■ GOAL OF THE EXERCISE ■
Your answer should hold exactly the lines below from the line with "Únicamente nueve países" through the line with "M.B. NEW A180", both included, and no pictures at all.

■ AVAILABLE DATA ■
****
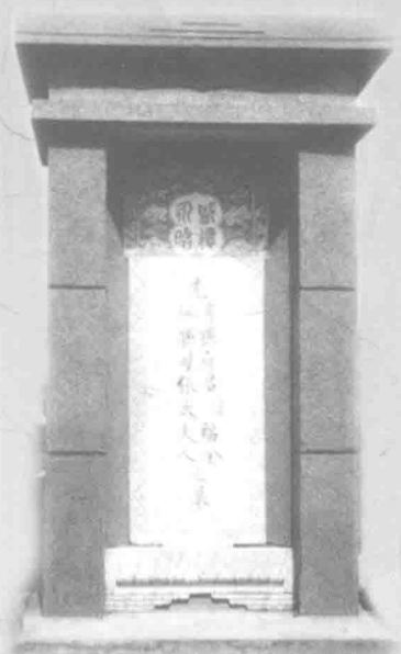
右图 孙禄堂先生墓碑 下图 孙禄堂先生陵墓
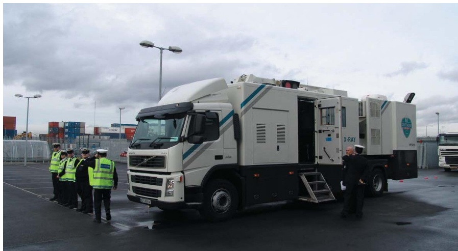
爱尔兰海关购买中国清华同方生产的一套集装箱检查系统

据中国海关统计，近年来，中国对爱尔兰出口商品主要类别包括①自动数据处理设备及部件；②医药品；③鞋类；④家具及其零件；⑤电话机；⑥新的充气橡胶轮胎；⑦纺织纱线、织物及制品；⑧塑料制品；⑨灯具、照明装置及类似品。
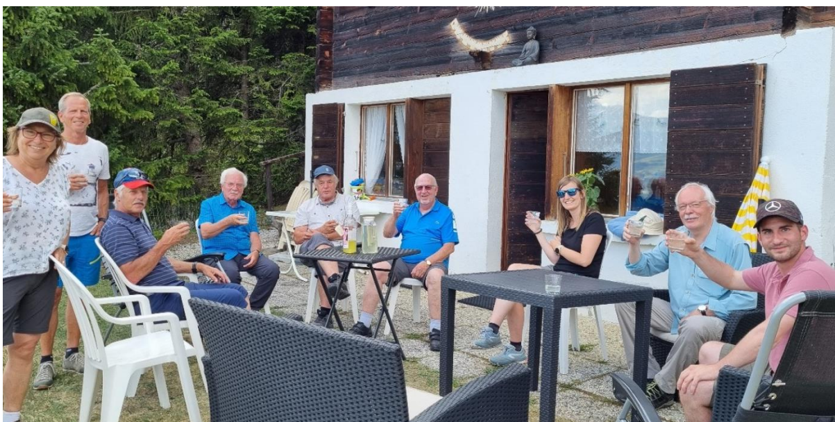
Abschiedstrunk des Vorstands mit dem Grossratspräsidenten und seiner Partnerin
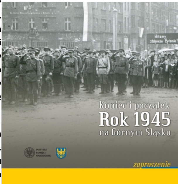
Wystawa „Koniec i początek. Rok 1945 na Górnym Śląsku”.
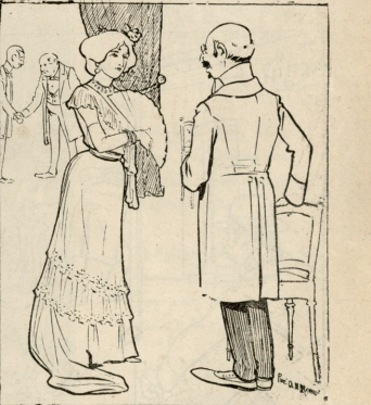
ბაქია. ხელვაში მობანავით შეუქლიანთ „დასტკენენ“ სახამაროას და ნსკვის ქერქები, ნავგასა და ტუქვიან ნათვის ზილით და შიგ ბანაობით.
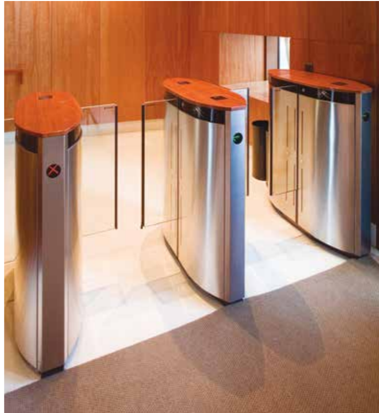
Express Gate à verre faible hauteur. Institution culturelle.
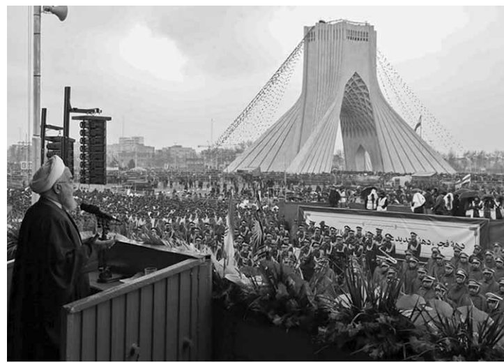
Na praça Azadi, símbolo da revolta de 1979, os manifestantes entoaram o slogan "morte à América", na presença do presidente Hassan Rohani.

O país persa é alvo de novas sanções dos Estados Unidos, que, sob o governo de Donald
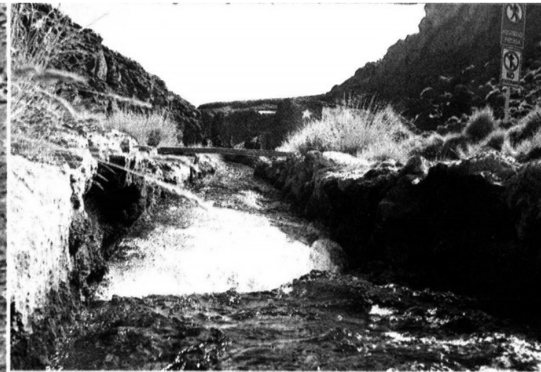
Únicamente nueve países estuvieron de acuerdo en declarar que el agua es un 'derecho humano'
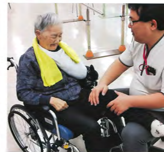
▲リハビリ風景写真②
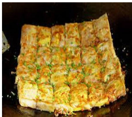
圖 4 三鮮豆皮

武漢注重早點，大都以包子、餃子、麵食類居多，當地人稱吃早點叫做「過早」，最有名的當屬熱乾麵以及豆皮。
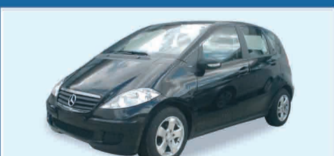
M.B. NEW A180 CDI CLASSIC FULL OPT. - SEMESTRALE € 19.500
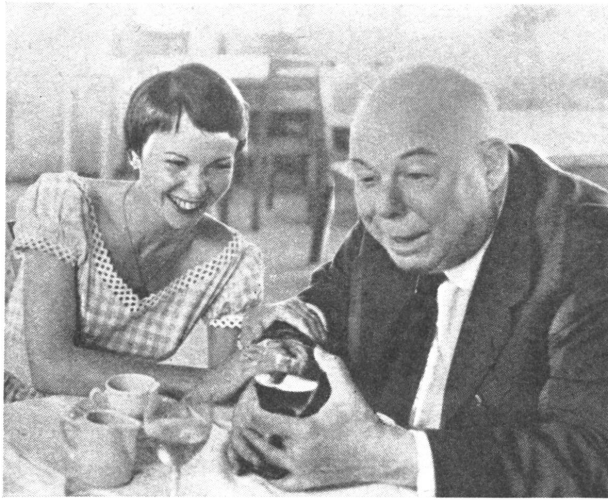
Regisseur Jean Renoir, Sohn des großen Malers und Schöpfer einer Anzahl bedeutender Filme, von denen einige in die Geschichte eingegangen sind, in Cannes nach der erfolgreichen Aufführung seines neuen Films «French Cancan» mit der Hauptdarstellerin Françoise Arnoul.

Evangelist Dr. Billy Graham, der in der englisch sprechenden Welt durchschlagende Erfolge erzielte, spricht heute im Hardturm-Stadion in Zürich. Hier begrüßt er Frau und Kind.
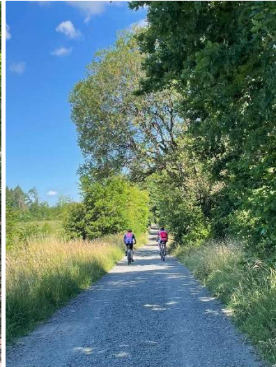
Lange Gassi-Runde (●)
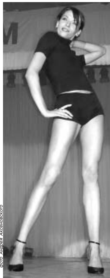
У мисс «Фуджи» с параметрами все в порядке: 89-61-90.

Титул «Мисс Фуджи-фильм» в итоге достался 21-летней студен-
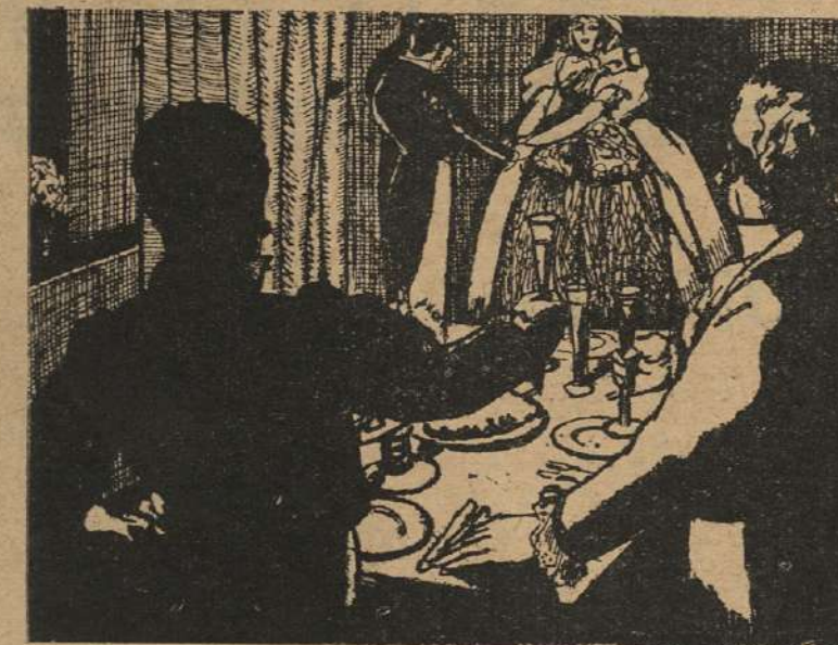
...echándose atrás la capucha, dejó ver un rostro hermosísimo de mujer: era la Reina María Luisa que...

Lo atractivo de esta aventura no logró, sin embargo, apartar al joven Bolívar de los afanes de sus estudios, y por lo contrario, un incidente ingrato en que se vio envuelto por una intriguilla palaciega, lo indujo a buscar en el hogar la realización de sus
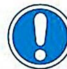
Obligación general (acompañada, si procede, de una señal adicional)
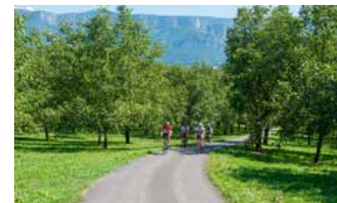
Balade à vélo au milieu des noyers

Château du Mollard - Christine Serve, 1 Rue du Mollard 38160 Saint-Marcellin 04 76 38 21 17 Horaires d'ouverture au public : le midi du mardi au dimanche, le soir vendredi et samedi Distance : sur le parcours
****
■ RESULT FOR THIS EXERCISE ■
Únicamente nueve países estuvieron de acuerdo en declarar que el agua es un 'derecho humano'
▲リハビリ風景写真②
圖 4 三鮮豆皮

武漢注重早點，大都以包子、餃子、麵食類居多，當地人稱吃早點叫做「過早」，最有名的當屬熱乾麵以及豆皮。
M.B. NEW A180 CDI CLASSIC FULL OPT. - SEMESTRALE € 19.500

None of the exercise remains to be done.